Therefore, the regression function is shown in Equation (15):

$$\begin{array}{ll}f(x)& =w^{*}\varphi (x)+b^{*}\\ & ={\displaystyle \sum _{i=1}^l(a_i-a_i^{*})\mathsf{\Phi }(x_i)}\varphi (x)+b^{*}\\ & ={\displaystyle \sum _{i=1}^l(a_i-a_i^{*})K(x_i,x)}+b^{*}\end{array}.$$

(15)

3.2.4. Artificial Neural Networks

ANNs has been a research hotspot in the field of artificial intelligence since the 1980s. The ANN abstracts the neural network of a human brain from the perspective of information processing, builds some simple models, and forms different networks according to different connection modes. A neural network is an operational model comprising a large number of nodes (or neurons) connected to each other. Each node represents a specific type of an output function called an activation function. The connection between each node represents a weighted value of the signal passing through the connection, known as weight, which is equivalent to the memory of the ANN. The output of the network varies according to the connection mode, weight value, and excitation function [62,63]. In this paper, three models of BPNN, RBFNN, and GRNN, respectively, are mainly introduced.

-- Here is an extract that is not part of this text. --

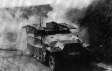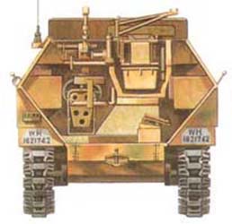 Mittlerer Schützenpanzerwagen Sd.Kfz.251 (Armored Personnel Carrier) Sd.Kfz.251/2 mittlere Schützenpanzerwagen (Granatwerfer)Le Sd.Kfz.251/1 fut également utilisé pour transporter le mortier de 81 mm GrW 34 (66 coups), d'une compagnie d'appui lourde, plus une mitrailleuse MG 34/42 de 7.92 mm (2010 coups). Le mortier pouvait être mis à feu du véhicule mais l'usage standard voulait que le mortier soit utilisé depuis le sol. Une partie des banquettes furent enlevés pour fournir l'espace nécessaire au transport de l'arme et des munitions. Cette version fut dénommé Sd.Kfz.251/2. Notons que plus tard, les half-tracks légers Sd.Kfz.250 seront utilisés pour cette mission, les Sd.Kfz.251 étant trop rares et trop utiles. Sd.Kfz.251/1 was also used to transport the mortar of 81 mm of a heavy company of support. The mortar could be put at fire of the vehicle but the standard use wanted that the mortar is used since the ground. Part of the benches were removed to provide space necessary to the transport of the weapon and the ammunition. This version was called Sd.Kfz.251/2. Note that later, the light half-tracked vehicles Sd.Kfz.250 will be used for this mission, Sd.Kfz.251 being too rare and too useful.

3.2.5. Extreme Learning Machine

ELM is a simple efficient algorithm that does not require the tuning of parameters and exhibits extremely rapid learning speeds [64]. The network of an ELM training model is a single-hidden-layer feed-forward neural network structure (Figure 5).

Take N data samples $(x_i,y_i),i=1,2,\cdots ,N$ as an example, where the input data are $x_i=[x_{i,1},x_{i,2},\cdots ,x_{i,N}]$ and the output data are $y_i=[y_{i,1},y_{i,2},\cdots ,y_{i,M}]$. The ELM algorithm is as follows:

Assume that single-layer feed-forward neural networks (SLFNs) with L hidden layer nodes and activation function $g(a,b,x)$ can fit N data samples with non-errors, indicating that the presence of the parameters $a_i,b_i,{\beta }_i,i=1,2,\cdots ,L$ makes Equation (16) true:

$$f_L(x_j)={\displaystyle \sum _{i=1}^L{\beta }_{i}g(a_i,b_i,x_j)}=y_j,j=1,2,\cdots ,N.$$

(16)

Equation (16) can be represented by a matrix as follows:

$$H\beta =Y\iff {\left[\begin{array}{ccc}g(a_1,b_1,x_1)& \cdots & g(a_L,b_L,x_L)\\ ⋮& \ddots & ⋮\\ g(a_1,b_1,x_N)& \cdots & g(a_L,b_L,x_N)\end{array}\right]}_{N\times L}\ast {\left[\begin{array}{c}{\beta }_1^T\\ ⋮\\ {\beta }_L^T\end{array}\right]}_{L\times M}={\left[\begin{array}{c}{Y}_1^T\\ ⋮\\ Y_N^T\end{array}\right]}_{N\times M},$$

(17)

where H is the output matrix of the hidden layer, the i-th column represents the output of $(x_1,\cdots ,x_N)$ at the i-th hidden layer node, and the j-th row represents the output of $(x_1,\cdots ,x_N)$ on all hidden layer nodes.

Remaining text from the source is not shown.